**What this task involves**
For this exercise, retype the lines from the one that holds "Hussain made his" through the one that holds "- Безболтовая технология" in the records below, both included, exactly and without pictures.

**Given data**
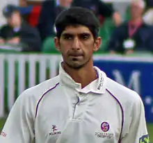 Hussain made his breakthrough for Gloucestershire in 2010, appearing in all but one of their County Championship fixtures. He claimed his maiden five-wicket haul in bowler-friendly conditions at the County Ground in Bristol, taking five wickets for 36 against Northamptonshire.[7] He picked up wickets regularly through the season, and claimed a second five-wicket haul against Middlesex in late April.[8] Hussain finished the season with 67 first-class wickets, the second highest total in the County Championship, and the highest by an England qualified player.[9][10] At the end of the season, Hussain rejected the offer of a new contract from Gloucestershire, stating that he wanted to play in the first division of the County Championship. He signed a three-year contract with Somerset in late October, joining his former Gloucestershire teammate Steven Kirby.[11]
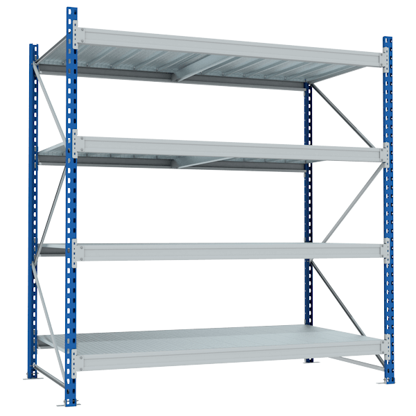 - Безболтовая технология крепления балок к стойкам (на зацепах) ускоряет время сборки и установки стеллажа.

...

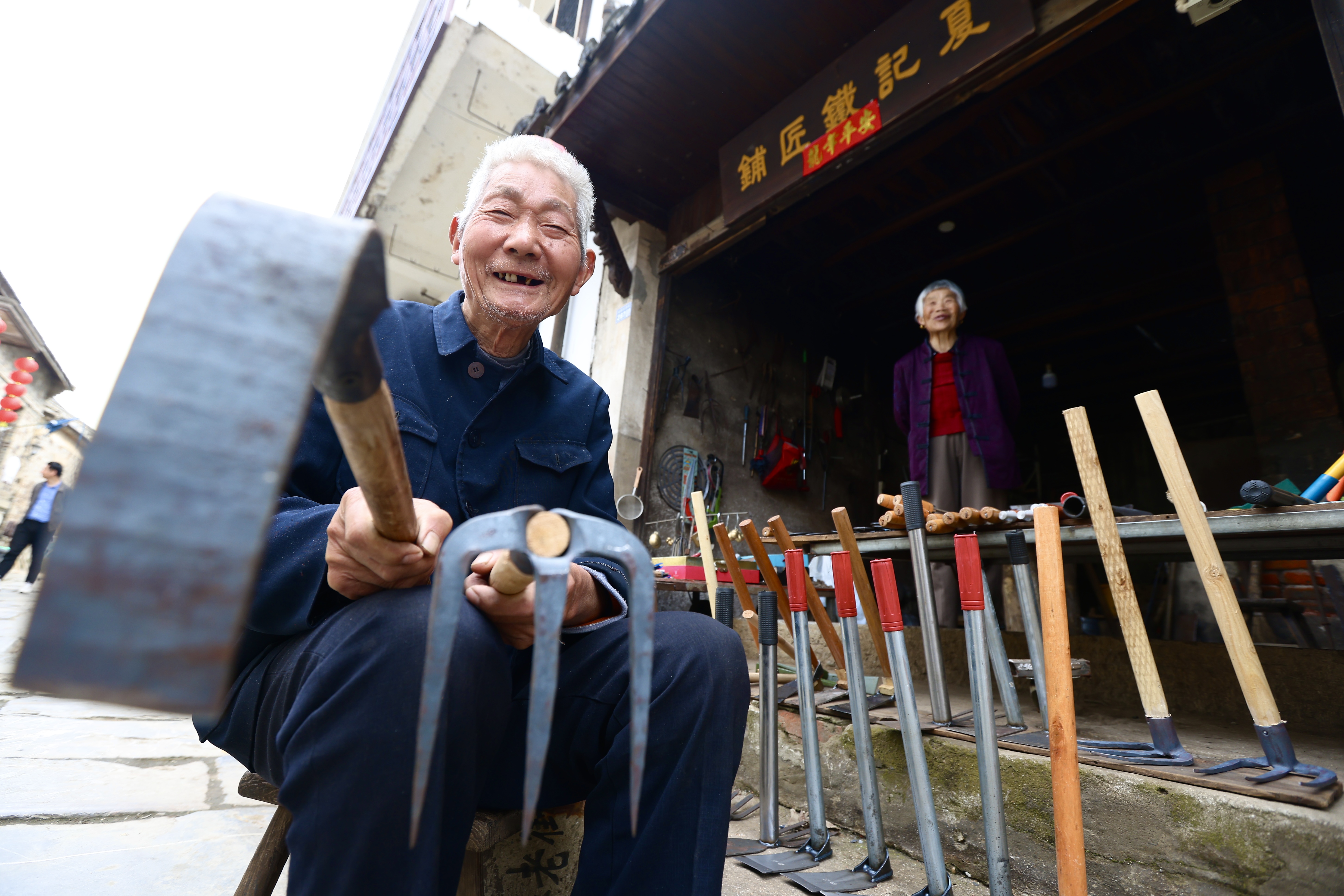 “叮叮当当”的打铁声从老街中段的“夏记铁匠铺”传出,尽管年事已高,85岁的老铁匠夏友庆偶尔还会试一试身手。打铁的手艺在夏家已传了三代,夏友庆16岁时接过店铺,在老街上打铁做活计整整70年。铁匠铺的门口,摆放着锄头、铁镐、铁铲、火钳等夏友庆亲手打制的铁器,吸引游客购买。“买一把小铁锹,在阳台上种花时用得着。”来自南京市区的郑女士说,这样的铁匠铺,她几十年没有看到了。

**Task output**
 Hussain made his breakthrough for Gloucestershire in 2010, appearing in all but one of their County Championship fixtures. He claimed his maiden five-wicket haul in bowler-friendly conditions at the County Ground in Bristol, taking five wickets for 36 against Northamptonshire.[7] He picked up wickets regularly through the season, and claimed a second five-wicket haul against Middlesex in late April.[8] Hussain finished the season with 67 first-class wickets, the second highest total in the County Championship, and the highest by an England qualified player.[9][10] At the end of the season, Hussain rejected the offer of a new contract from Gloucestershire, stating that he wanted to play in the first division of the County Championship. He signed a three-year contract with Somerset in late October, joining his former Gloucestershire teammate Steven Kirby.[11]
 - Безболтовая технология крепления балок к стойкам (на зацепах) ускоряет время сборки и установки стеллажа.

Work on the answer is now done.